The African crested rat, 14 inches long, would make a hearty meal for predators were it not for its well-advertised deterrent. Zoologist Jonathan Kingdon of Oxford grew up in Africa and well knew the furry rat’s distasteful reputation. His research has unmasked the rat’s secret to success in a hostile world. Poison!
The crested rat is not equipped with its own poison but instinctively knows where to obtain a potent supply. The rat chews Acokanthera schimperi tree bark, which contains a poisonous cardenolide compound. This drug closely resembles ouabain, an ingredient in arrow poison.1
The crested rat’s adaptation does not end with instinctive knowledge of where to get a poison supply. Kingdon’s team discovered that a strip of unique hairs along the rat’s back are hollow and porous with a wick-like center. The rat chews the bark and then licks the spit onto those hairs. Locked and loaded, the rat is ready to arch its back in fair warning.

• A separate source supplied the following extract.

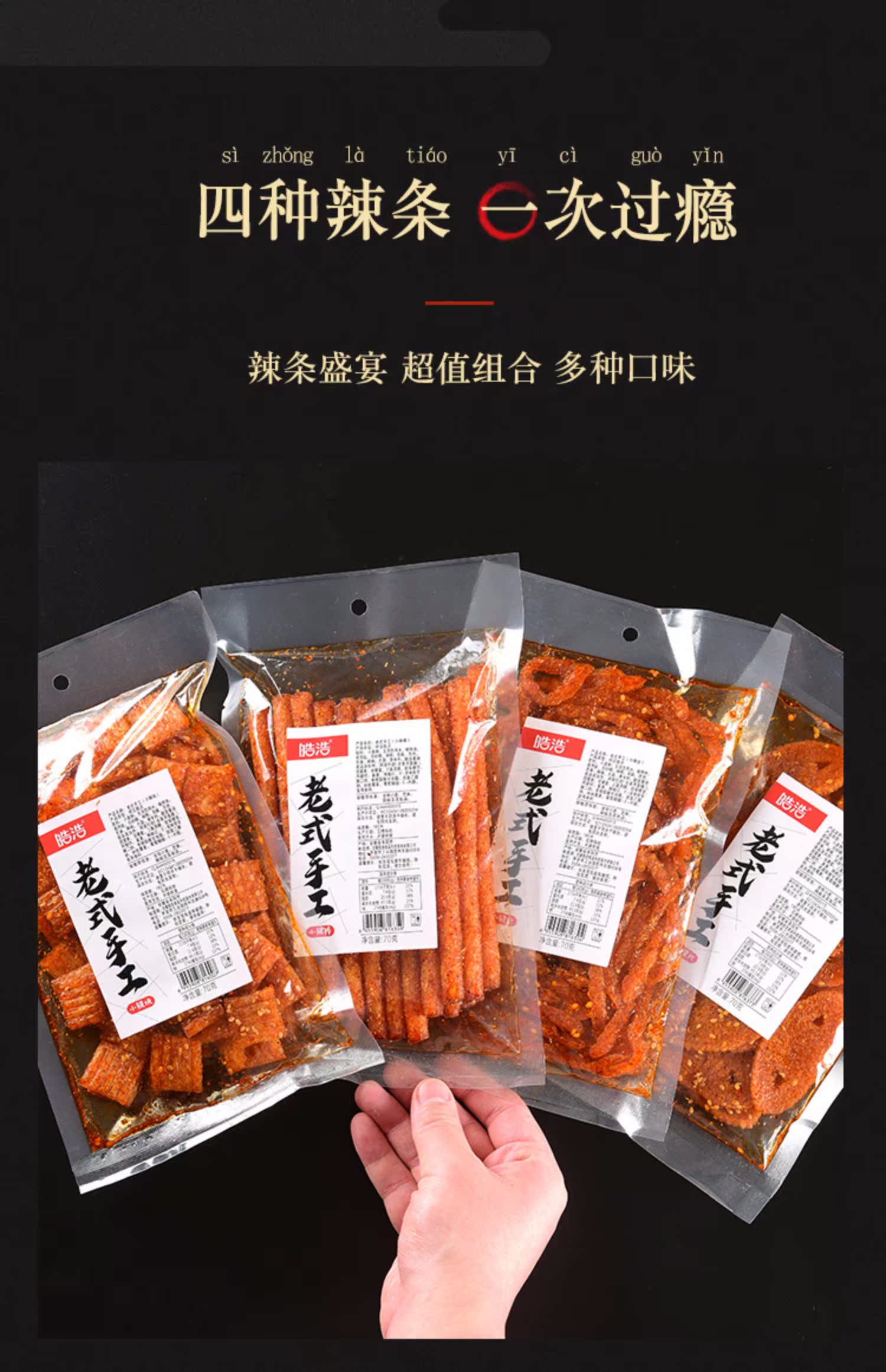抖音同款辣条零食混合装4包,券后5.8/4包,吃完流口水的多口味辣条,纯手工制作,精选食材,传统工艺做成,口感劲道十足!新鲜发货!儿时味道【赠运费险】

Although the poison can kill in sufficient amounts, the rat’s enemies usually learn their lessons without suffering lethal effects.
Although the poison can kill in sufficient amounts, the rat’s enemies usually learn their lessons without suffering lethal effects. “It isn't really designed to kill. If it killed every time nothing would ever learn that this is distasteful,” Kingdon said.“The way it really works is that you go away and you recover from a terrible experience and you never, ever invite that experience again.” Kingdon recalls seeing a dog quivering in fear when faced with the prospect of a repeat encounter.
The rat is, for unknown reasons, immune to the poison’s effects. “The rats should drop dead every time they chew this stuff,” Kingdon adds.
How did the crested rat acquire these handy adaptations? Kingdon says, “This is an extraordinary thing to have evolved. . . .Evolution has mimicked something that hunters do. . . .[The crested rat] is borrowing from the plant just as the hunters are borrowing from the very same plant.”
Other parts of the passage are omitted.